Aru Shiney-Ajay first became genuinely worried about climate change when she visited family members in India, and found the streams and grass where she had played as a child had shriveled as a result of drought.
“Someplace that I knew really well turned into something unrecognizable,” said Shiney-Ajay, now 20 and a student at Swarthmore College in Pennsylvania.
So she turned to the Sunrise Movement, a US-based youth network that aims to “build an army of young people to stop climate change and create millions of good jobs in the process.”
“When I think of climate change, I am driven by fear and anger,” she told the Thomson Reuters Foundation in a telephone interview.
However, her activism — including occupying the office of Republican US Representative Patrick Meehan in December last year with other Sunrise Movement members — has given her a feeling that she can make a difference.
The sit-in was an attempt to stop Meehan from voting on a tax bill that would provide tax cuts to fossil-fuel billionaires, among others, she said.
Meehan voted for the bill anyway, which passed in December — but Shiney-Ajay now knows how to take a stand.
Her generation is ready to act on climate change, which is a “preventable crisis,” she said.
That is particularly true because younger people — who will live to see the more severe impacts of climate change — have more at stake.
Half the world’s population is now younger than 30 — and those youth are becoming increasingly powerful political and social advocates for action, including on climate change, according to a World Economic Forum study last year that questioned youths from 180 countries.

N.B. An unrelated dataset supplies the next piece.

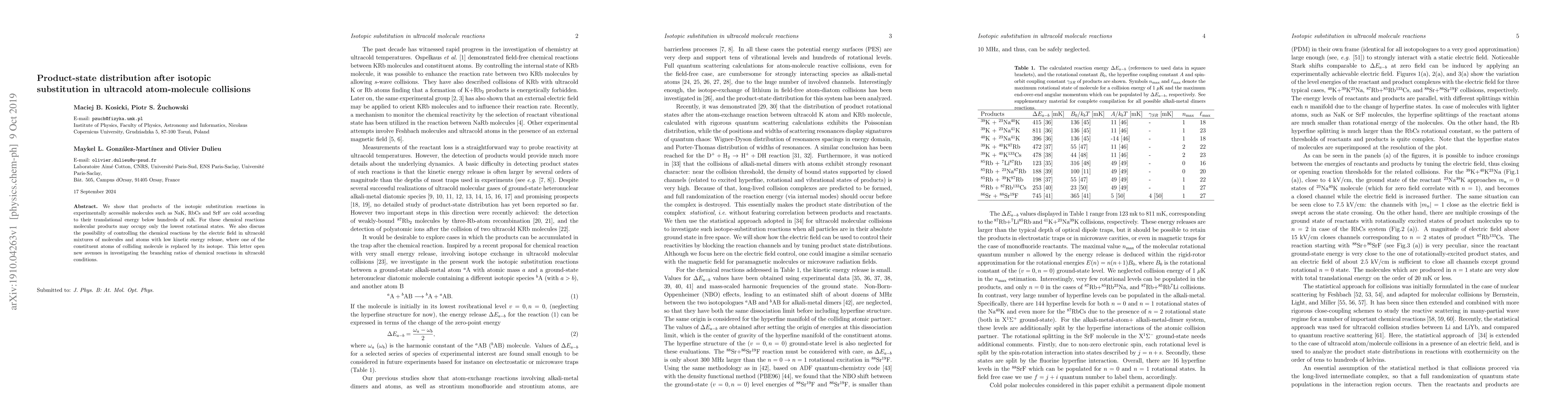 We show that products of the isotopic substitution reactions in experimentally accessible molecules such as NaK, RbCs, and SrF are cold according to their translational energy below hundreds of mK. For these chemical reactions, molecular products may occupy only the lowest rotational states. We also discuss the possibility of controlling the chemical reactions by the electric field in ultracold mixtures of molecules and atoms with low kinetic energy release, where one of the constituent atoms of colliding molecule is replaced by its isotope. This letter opens new avenues in investigating the branching ratios of chemical reactions in ultracold conditions.

Youth-led climate organizations are springing up around the globe. Their desire for change stems from personal experience of and worry about climate change, as well as a desire to hold their governments to account for failing to act swiftly enough on the problem, their members have said.
Many young people have said they are searching for ways to make a difference in their own futures — and some are having early successes.
For example, 25-year-old Camila Bustos is a member of Dejusticia, a Colombian youth organization that has sued Colombia’s government, saying that its failure to stop deforestation in the Amazon — a driver of climate change — was violating the constitutional right of young people to a healthy environment.
“Grown-ups have failed — maybe not failed completely, but are still slow to act” to curb climate change, said Bustos, a researcher for the nonprofit.
Last week, the organization had an unprecedented victory: Colombia’s highest court ruled that the government must take urgent action to stem rising deforestation, in response to the suit by 25 young plaintiffs, the youngest 7 years old.
Under the ruling — the first of its kind in Latin America — the government has four months to produce a plan to reduce deforestation in the Amazon, Dejusticia said in a statement.
Around the world, youth-led lawsuits, peaceful protests and environmental action events are gathering pace, as younger generations use the most powerful tool they have at their disposal: their voice.
Sunrise Movement member Sophia Zaia, 23, remembers her family having to drag home buckets of water from their local convenience store after a major drought dried up their well in Texas while she was in middle school.
At the time, she remembers thinking: “How is this something that not everyone is talking about?”
Zaia felt that her community’s response — digging deeper wells — did not go far enough to deal with looming water shortages as a result of climate change.
Last month, she and 11 other students blocked entrances to a meeting of fracking lobbyists at the Trump International Hotel in Washington.
To counter US President Donald Trump’s assertion that global warming is a hoax and his link to fossil-fuel corporations, Sunrise Movement members shared personal stories of climate change for two hours before they were removed from the scene, Zaia said.
Finding an avenue to take action on their fears about climate change can be hugely helpful for young people, activist leaders have said.
“It’s quite empowering to be something in your global community,” said Melanie Mattauch, the European communications coordinator for 350.org, a group working to build a global grassroots movement to demand action on climate change.
Since 2012, the organization has worked with university students to help them demand that their institutions become “greener” and cut use of fossil fuels, Mattauch said in an interview.
Students at about 850 universities are now part of the network, including in cities ranging from New York to Berlin and Paris to Cape Town.
PUSH Sweden, another youth organization pushing sustainability goals, said social media and the Internet now make it easier for young people to work together.
“PUSH Sweden is creating somewhere young people can meet, not dependent on where they live,” 23-year-old board member Tove Lexen said.
For example, the group in 2015 held an online Climate Confusion event, with videos and a live panel talking about climate change, bringing together youth from several Swedish cities.
At the foundation of nearly all the youth climate movements is an urge to fight for a better, more livable future for generations to come.
Having youth involved in the fight to curb climate change means that the people most affected by decisions around the issue become a key part of the conversation, said Isabella Munson, communications leader for Zero Hour, a youth-run US group focused on taking concrete action against climate change.
“We have a duty to the earth and every generation to come to protect our home,” she said in an interview. “There are billions of young people in this world. We are not a force to be ignored.”